HOUSE OF FOOLS. It's a tradition with Diaspora peoples in Europe to sing songs that start out sad and then explode with ecstatic glee somewhere in the middle of the tune.

This is how Eric Slabiak explains the music he and his brother Olivier perform with their band, Les Yeux Noirs.

"What gypsy people gave to the music is intensity, a heritage," he says. "It's in the songs. You just have to feel it. You're either laughing or crying or smiling. Sometimes all three at once."

The band, named for the title of a Russian gypsy tune made famous by Django Reinhardt in the '30s, is perfect for a French group that melds its music together by taking ingredients from a host of sources. From the Gypsy or Roma, it's a hodgepodge of music influenced by wandering peoples throughout Europe and the Middle East. From traditional Klezmer, you hear the telltale Jewish wedding music strain. Throw in a little Manouche Jazz, and it's tinged with the French-influenced gypsy music.

The group, who visited Tucson at Plaza Palomino's outdoor summer concert series last summer, arrives this week with their familiar mongrel musical style. The classically trained Slabiak brothers make magic with their frenetic, dueling violins and vocals while other band members fiddle with the accordion, double bass, cymbalum, drums and acoustic and electric guitars.

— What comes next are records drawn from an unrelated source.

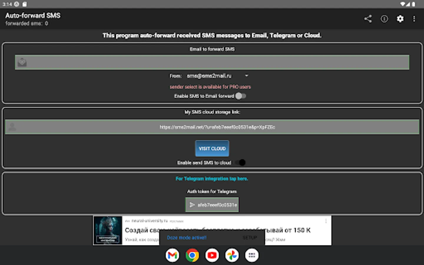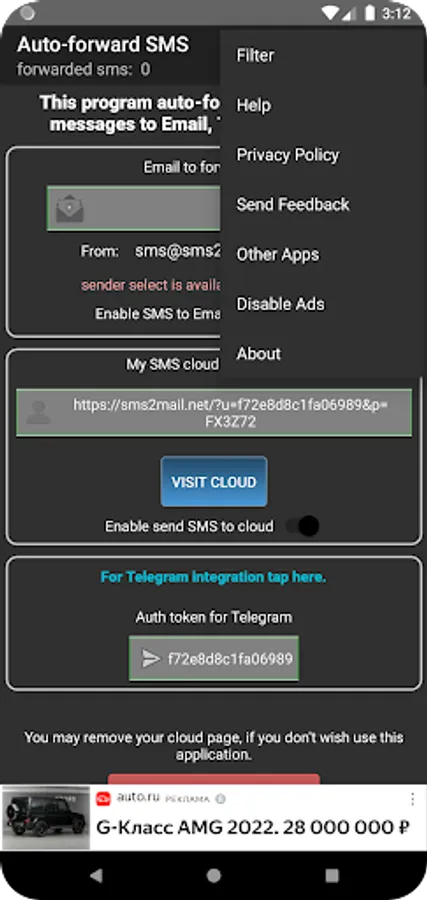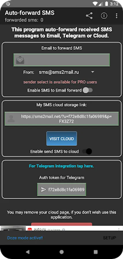 7) Ability to forward messages to Telegram (see cloud page for details);
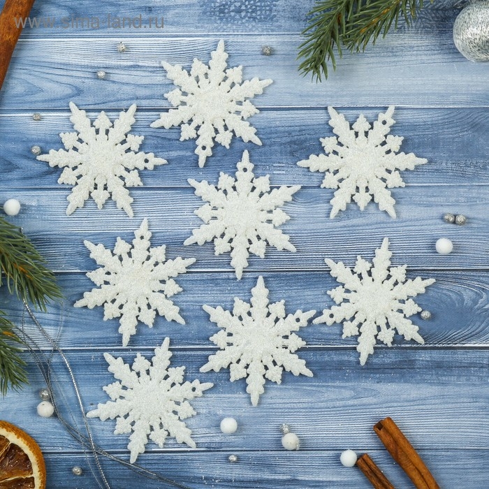 Украшение ёлочное "Снежинка полярная" (набор 6 шт) d-6 см, белый
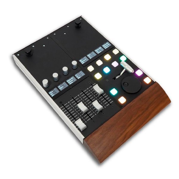 MakePro X xTend-B10 Blend est une surface de contrôle qui comprend 12 boutons-poussoirs RVB, 4 encodeurs rotatifs tactiles, 4 faders motorisés tactiles de 60 mm, 8 écrans OLED haute résolution, 1 barre en T à effet hall, 1 molette de données. Le logiciel Glue permet une définition entièrement individualisée des fonctionnalités à partir d’une vaste liste d’appareils pris en charge. Sa conception est solide avec des finitions en aluminium et bois de qualité supérieure, conçue pour durer des décennies. La conception entièrement modulaire et la séparation totale du matériel et des logiciels rendent les appareils MakePro X évolutifs.

But all this classical training is merely one side of the all-male group dubbed the "Boy Band of a Lost Era." Says Slabiak of the Bangkok Post moniker, "I love this name. It's a good definition for us as our instrumentation is very traditional, very musical, but we make our music very pop and accessible.

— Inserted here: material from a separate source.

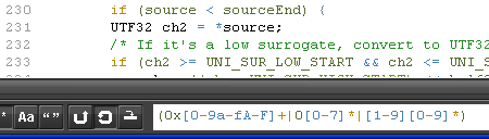 Sometimes its the little things that make the difference. When you're entering a regular expression, you get syntax highlighting in the text box:

"We were influenced at school and at home. The mixed cultural world affected us. It's important to play music of our roots but also of our choice. And that choice might be pop, jazz, even electronic."

Singing music in Yiddish--a language that's dying out with its older generation of speakers--Slabiak says, is a gift.

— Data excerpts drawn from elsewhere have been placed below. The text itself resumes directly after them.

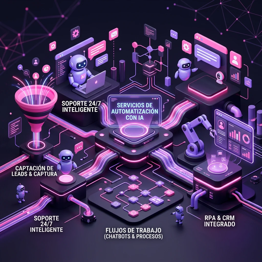 Ahorra cientos de horas al mes. Implementamos chatbots 24/7 y automatizamos tu CRM para captar leads, calificar prospectos y dar soporte en piloto automático.
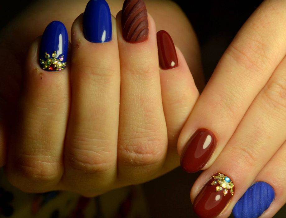 В любом дизайне маникрюра – красный цвет отлично комбинируется с синим
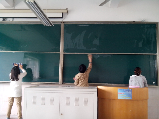 活动中各部门部长认真积极指导理事的工作,并亲自参加了对黑板课桌的清洗。部长理事认真仔细地对教室黑板课桌的每一个角落进行清理,为教师们上课提供了一个干净舒适的教育环境,也为同学们提供了一个更加适宜的学习环境。
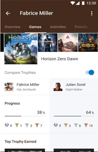 查看其他玩家的简介和奖杯收藏。
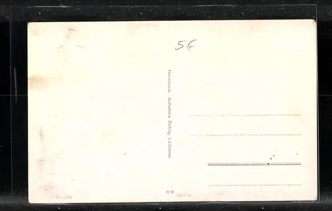 Personenbezogene Daten auf der Rückseite der Karte wurden durch blauen Textmarker unkenntlich gemacht. Die blauen Stellen sind auf die Vorderseite durchgeweicht und wirken sich negativ auf das Postkartenfoto aus
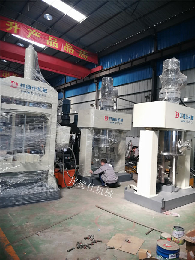 行星攪拌機是一種新型高效的勻質攪拌混合設備,采用獨特的槳葉設計、先進的攪拌模式和傳動原理等創新技術,其具有極大的輸出扭矩,特別適用中高粘度和觸變性比較高的物料(如膠粘劑、硅膠、鋰電池漿料等)進行非常徹底的混合。攪拌槳和分散軸公轉同時自轉,攪拌無死角,使物料上下和水平高速翻滾流動,分散盤又對物料不斷剪切、打散,物料極短時間內就可達到混合均勻的效果。

"It's like a souvenir from when I was a child. It's very intense for me to sing in the language of my parents and grandparents." And he adds, "My parents speak Yiddish when they need to be sweet. There's a lot of tenderness in that language."

And in the ballads the group sings, like Yiddishe Mame or Rozinkhes. For the 35-year-old Slabiak, what he sings and plays is tied up in history, both personal and political. "When my grandparents came to France from Russia and Poland, their kids--my parents--wanted only to speak French. It's not that they wanted to forget Yiddish, just the Polish or Russian languages.

"It's complicated for new generations to learn Yiddish. It wasn't the language of integration."

But the music is here to stay--and rejuvenated even. Slabiak says that gypsy music hails from many countries as people have moved around the globe.

"It's from Russia, Yugoslavia, Spain, Romania, Bulgaria. Everywhere the Roma went, they transformed the traditional and local music. At the end of the transformation, it's a singular music. One word defines it: folkloric."

Slabiak explains that part of the definition of gypsy music is its malleability. "You have to take liberty with it. We are free to re-play it, re-arrange it as it makes sense for us. This is really different from, say, classical music where you have much less freedom of arrangement."

What you get are strains of Eastern European gypsy music meeting up with what Slabiak calls "oriental influences"--music from the Ottoman Empire, with Arabian tinges, like the title track of the group's 2002 CD, Balamouk. Translated, it means "House of Fools."

"Listen to that track. The composition is more oriental, moody, somber. That's really different from more Klezmer-influenced music where you have wind instruments and maybe just one violin.

"Our style is less wedding music and more songs of the ghetto, songs of the poets. It's Eastern Europe at the beginning of the 20th century."

Slabiak grew up listening to classical and French music but also to gypsy and Yiddish music. His parents made sure to put the violin into his and his brother's hands at a very young age. But the conservatory followed one approach to playing the instrument.

"For me to play gypsy music, it has to sound a little dirty."

"Dirty" means unlearning some of that classical violin training.

The mix has contributed to Les Yeux Noirs' 10-year success. "If we want people to accept traditional music, we have to play it in a contemporary way."

The group is winding down its U.S. tour. From Tucson, they hop a half-dozen planes back to Paris. I asked Slabiak if he's encountered any "freedom" loving, anti-French Americans at any of his concerts.

"Just before coming to the States, a journalist told me that all the Americans are awful, that they've changed the name of french fries to freedom fries. But I've seen none of this. Maybe it's because we're musicians and we're here to make pleasure for our audiences.

Les Yeux Noirs performs one show in the Rhythm and Roots Concert Series on Saturday, May 10, at 8 p.m., at the Berger Performing Arts Center, 1200 W. Speedway Blvd. Reserved seats cost $22 in advance at Antigone Books, Brew & Vine, CD City and Enchanted Earthworks or online at www.dotucson.com. Or get them for $25 at the door.